Which teams could open up as a realistic landing spot for Kane at that price?
United have long admired the player, but there are a couple of obstacles in the way before anything can get going. First, they are focusing on Jadon Sancho as their top transfer target—a deal that could set them back in advance of £100 million. Also, they would not pursue the player until it became clear Spurs were open to selling him. At the moment, they have had no sign that would be the case.
As for City, the possibility is there. Sources close to the situation say the club were interested in speaking to Kane two years ago before he signed a new contract. He still has plenty of admirers at the club, including Pep Guardiola.
However, the fact Sergio Aguero remains would be an issue with any pursuit of Kane this summer. While City are on the lookout for options to lead the line once the Argentinian is ready to move on, there is a determination not to make him feel pushed out.

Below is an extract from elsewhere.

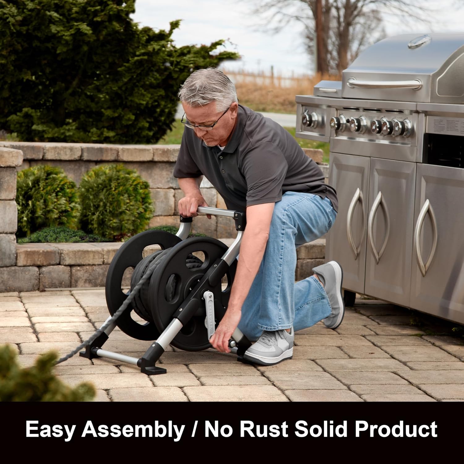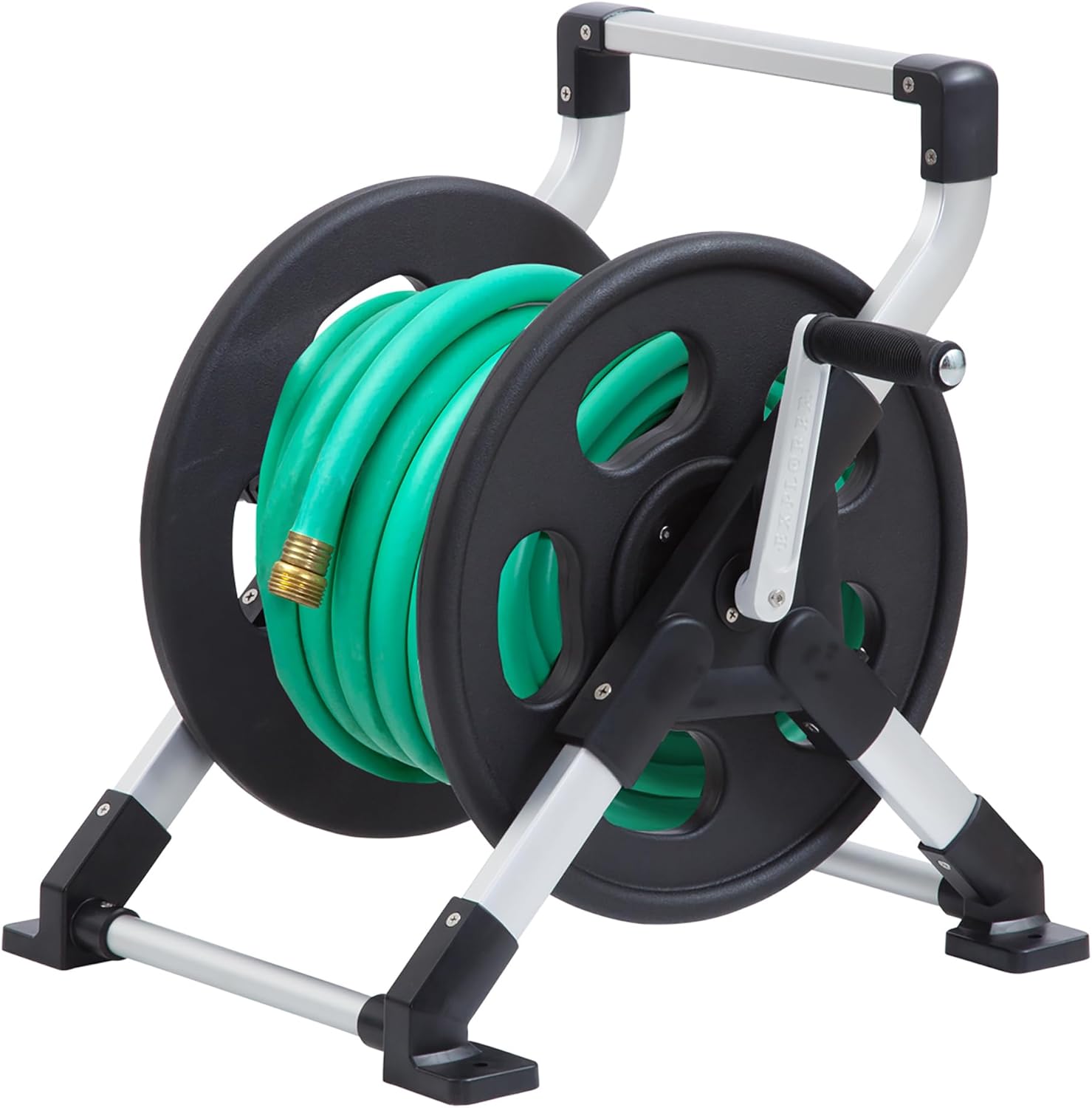 The sleek silver and black design adds a touch of modern elegance to your outdoor space, while the ergonomic handle and crank make winding and unwinding your hose a breeze. With its sturdy construction and innovative design, the Liberty Garden 306 Explorer Hose Reel is the perfect blend of style and functionality.

Of course, with both these clubs, there is also a question mark over whether they will be able to offer Champions League football anyway.

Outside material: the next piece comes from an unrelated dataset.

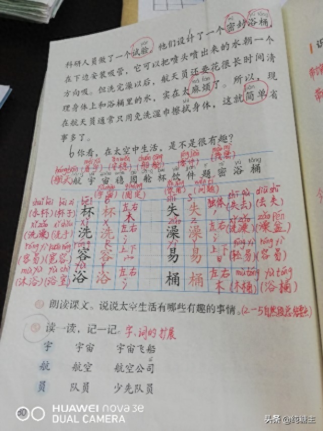 学习目标:1、要求会写“杯、失、洗、澡、容、易、浴、桶。” 2、会认“航、宇、宙、稳、固”等13个生字。3、学会文中“太空、生活、宇宙飞船、别处”等词语。

Chelsea would love to sign him too—and they are on the hunt for a striker—but that transfer from a London rival club is simply a non-starter.
So how about a move to La Liga?
Real Madrid are often linked but will only turn to Kane if they see no sign of Kylian Mbappe joining from Paris Saint-Germain, sources in Spain say.
That could open the door to Barcelona, who also have an eye on Kane and are looking to recruit a replacement for Luis Suarez this summer.
The problem in both cases, according to insiders, is that Kane is torn over whether a move abroad would work for him—personally or professionally. He would, of course, have to seriously consider offers from any European giant—Juventus are being linked at the moment—but it is thought he would prefer to remain in the Premier League.
There is another angle to all of this, of course.
His old Spurs boss Mauricio Pochettino is expected to return to management this year, and when he does, Kane will undoubtedly be linked with joining him again. It's definitely a situation worth watching closely.
Spurs sources insist the club are comfortable with their current situation.
The player earns a basic wage of £200,000-a-week, and add-ons can take that towards the region of £300,000-a-week. It's a good deal.
On the B/R Football Ranks podcast this week, I suggested they might have to make his terms even more special if he is to stick with them, but other sources have since told me that would not change much.
The player is not motivated by cash. As one source told me: "What difference is that going to make to him at this stage?" It's a fair point.
Kane's last action in a Spurs shirt was to score a disallowed goal against Southampton—his next action will be to return to the side and wrestle Wolves, Sheffield United and Manchester United for fifth-place in the Premier League.
He is not a man likely to cause a scene publicly over what he wants to do next, but Kane is having to consider his future for the first time.
His problem is that even if he wants to leave, it just might not be possible.